Regret is the ability to recognize a mistake in the choices made and reflecting on the counter-factual: what might have been. It is different from disappointment, an emotion associated with when reality does not live up to expectations. To demonstrate the ability of higher cognitive skills in our favorite laboratory animal, Neuroscience Professor David Redish and his team set up a test called “Restaurant Row” which consisted of a circular runway with four spokes each leading to a different flavor of food.  As the rat came to the entrance of each spoke, a tone sounded that indicated how long it would have to wait to receive that specific flavor of food. The rat could choose whether to stay or go, depending on how much it liked that food and how long it would have to wait. Akin to deciding that the line in your favorite restaurant is too long and choosing to eat at a fast food chain across the street instead, sometimes the rats decided to skip the long wait at one restaurant that offered their favorite food only to find the next one had a longer wait time or was a bad deal.

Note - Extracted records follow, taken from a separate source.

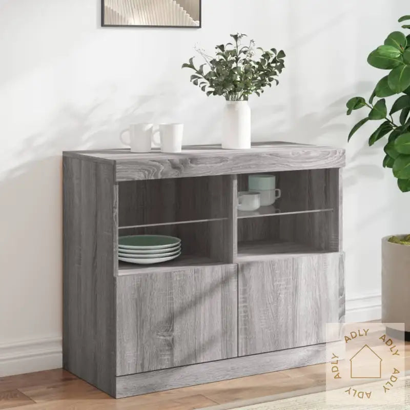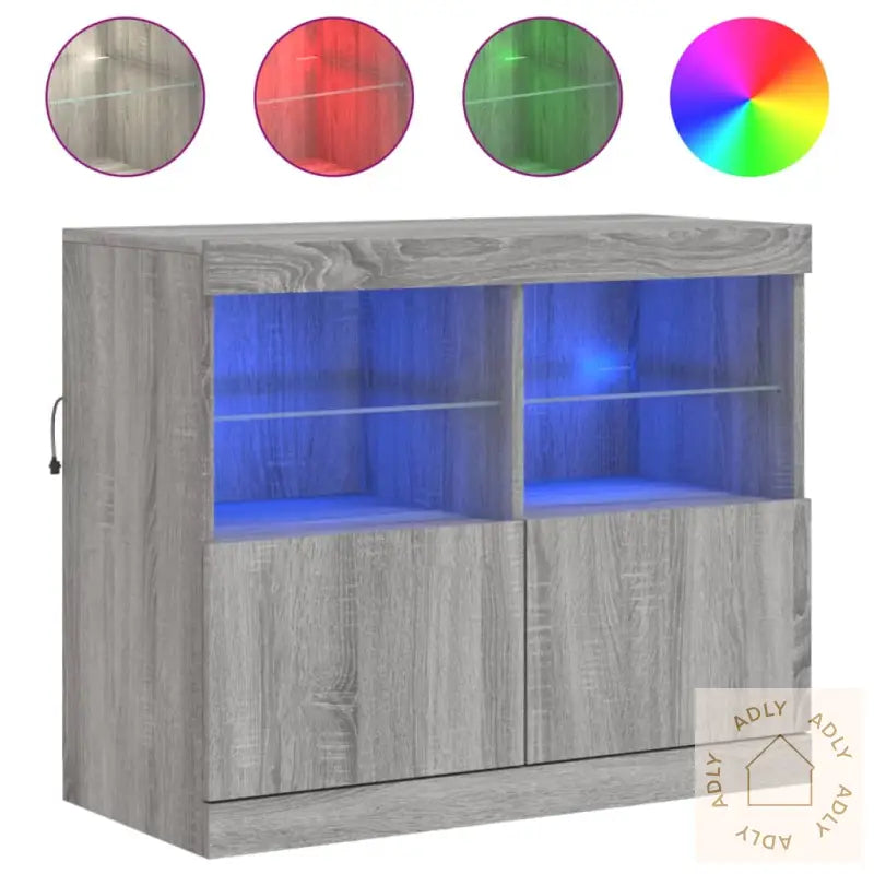 Skap laget av slitesterkt konstruert treverk, kjent for sin glatte overflate og evne til å stå imot både fukt og daglig bruk. Materialet gir deg både styrke og stabilitet slik at skjenken holder seg fin over tid.Med god lagringsplass sørger denne buffeen for at magasiner, bøker, fjernkontroller og andre småting kan organiseres og holdes lett tilgjengelig. Perfekt for deg som ønsker orden på rommet uten at det går på bekostning av stilen.Den solide bordplaten i skjenken gir deg mulighet til å vise frem favorittdekorasjoner, bilder eller potteplanter. Du kan også bruke den som base for personlige utrykk og sesongdekorasjoner.RGB LED-lysene gir deg spennende muligheter for å skape akkurat den stemningen du vil ha. Velg mellom ulike farger eller sett lyset til automatisk endring. Med de fargerike LED-lysene blir dette møbelet en dekorativ detalj i hjemmet, enten det er i TV-stuen, på soverommet eller i gangen.Advarsel: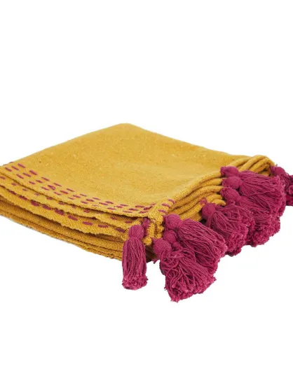 Jeté de canapé surpiqué pompons jaune/rose - 130x170 cm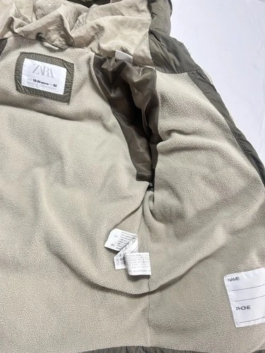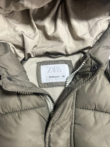 This Zara waterproof down jacket for children in size 18-24 months is a practical and stylish choice for the winter season. Made with 100% polyester outer shell material and polyester insulation, this long-sleeve puffer jacket features a zip closure and is machine washable for easy care. The beige color and casual style make it versatile for everyday wear, while the winter season performance ensures comfort during outdoor activities like walking. Perfect for both boys and girls, this Zara jacket combines quality and fashion in one warm and cozy garment.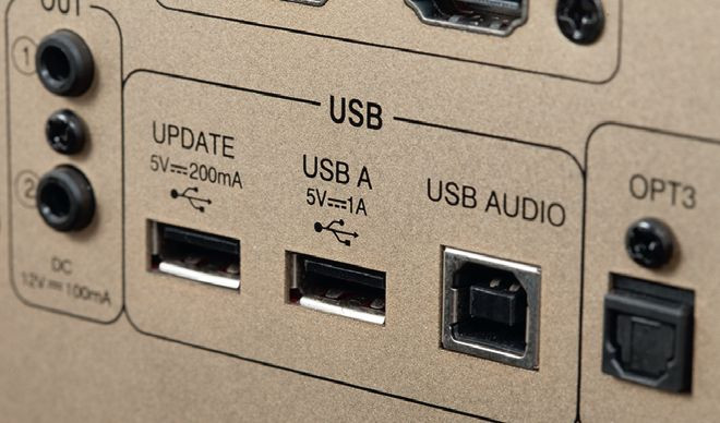 W części cyfrowej mamy trzy wejścia optyczne, jedno współosiowe, USB w formule USB-DAC (przyjmuje sygnały PCM 32 bit/384 kHz i DSD256) oraz USB-A (dla nośników pamięci, ale obsługiwane są tylko pliki MP3).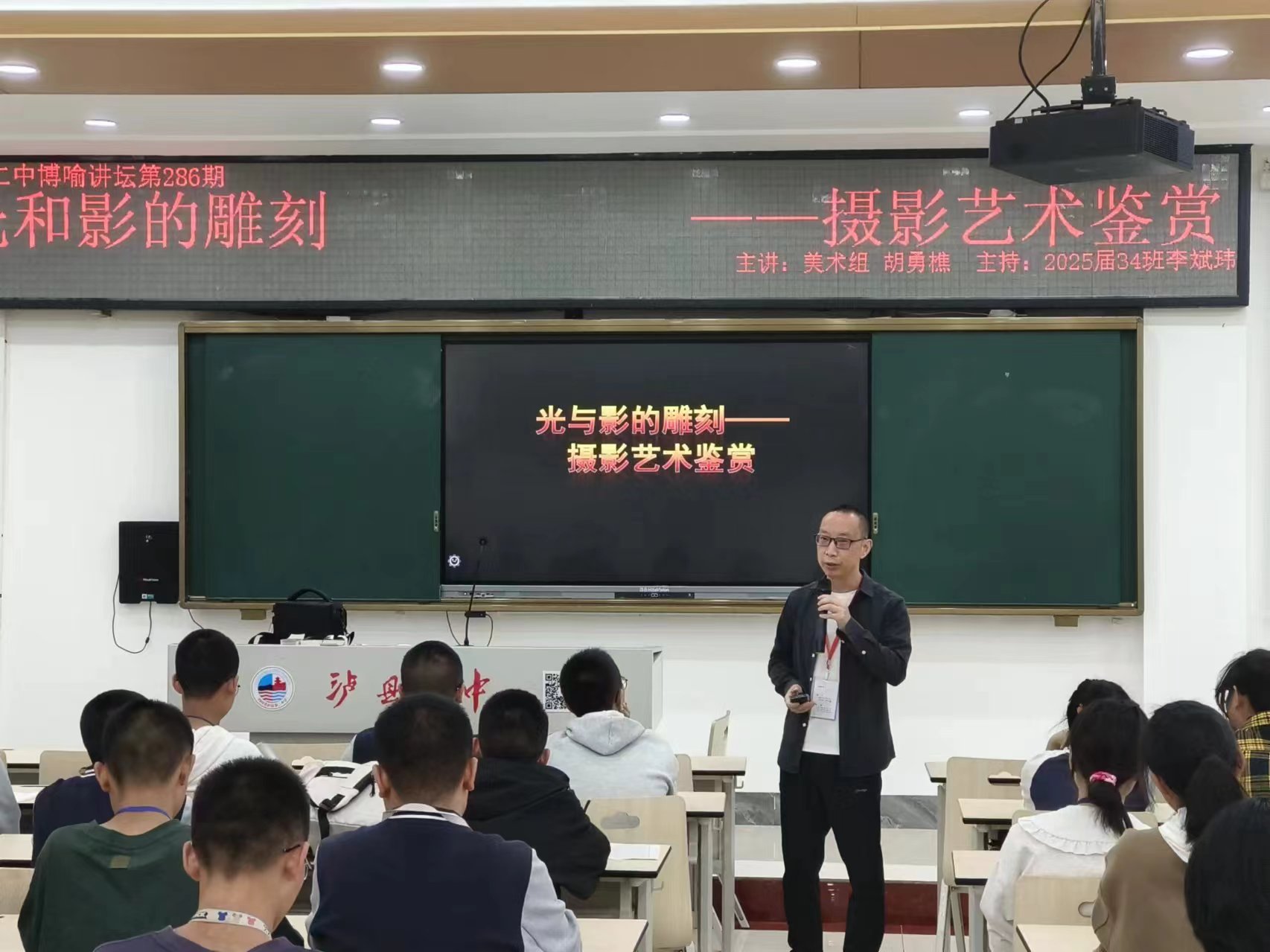 2024年5月12日下午,泸县第二中学第286期博喻讲坛于兰蕙苑二楼阶梯教室进行。此次讲座的主题是“光与影的雕刻--摄影艺术鉴赏”,由胡勇樵老师主讲,高2025届34班李斌玮同学主持。

The authors hypothesized that if the rat had left a restaurant because the wait time was above its established threshold and then had to wait again at the next stop, it should feel disappointment, rather than regret. After all, it was a reasonable decision to skip the lengthy wait and move on to the next stop on the restaurant wheel. On the other hand if the rat had left a restaurant that had a waiting time below its threshold, only to encounter a lengthier wait at the next spoke, it had genuinely erred in its judgment.In these situations, the rat stopped and looked back at the previous restaurant it had passed as if feeling regret.

Upon further analysis of their behavior under disappointed and regret circumstances, the rats showed three behaviors consistent with regret. First, the rats only looked backwards in the regret conditions, and not in the disappointment conditions. Second, they were more likely to take a bad deal if they had just passed up a good deal. And third, instead of taking their time eating and then grooming themselves afterwards, the rats in the regret conditions rushed through their meal much like a regretful human would.2,3

Redish also used minute electrodes to record neural activity in the rats’ orbitofrontal cortex (OFC), an area of the brain that is active in the human experience of regret. People with damage in this area often do not experience regret.Using a computer algorithm the team found that neurons in the OFC fired in a pattern associated with the previous restaurant when the rats were looking backward, suggesting that the rodents were indeed preoccupied with what might have been.4

Although their behavioral and neurophysiological results suggest similarities to human regret, we do not know if rats have the same introspective experience of regret as humans. This study, showing that rats show regret, is an important step forward for animal behaviorists and neuroscientists alike because for the first time regret has been identified in species other than humans.The insights gleaned from here could help improve animal models of bad decisions, such as drug or alcohol abuse because addiction can be viewed as decision-making gone wrong. No word, however, on whether rats feel regret for the mess they create, diving into the dumpsters outside your favorite restaurant!

 

References:

  1. Steiner, A. P. and Redish, D. (2014). Behavioral and neurophysiological correlates of regret in rat decision-making on a neuroeconomic task. Nature Neuroscience, June 8, 2014. doi: 10.1038/nn.3740.
  2. Emily Underwood. (2014).Rats Regret Bad Decisions. Posted in Brain and Behaviour.
  3. Mary Bates. (2014). Rats Regret Making the Wrong Decision.
  4. Steiner AP1, Redish AD. (2012). The road not taken: neural correlates of decision making in orbitofrontal cortex. Front Neurosci. 2012 Sep 11;6:131. doi: 10.3389/fnins.2012.00131.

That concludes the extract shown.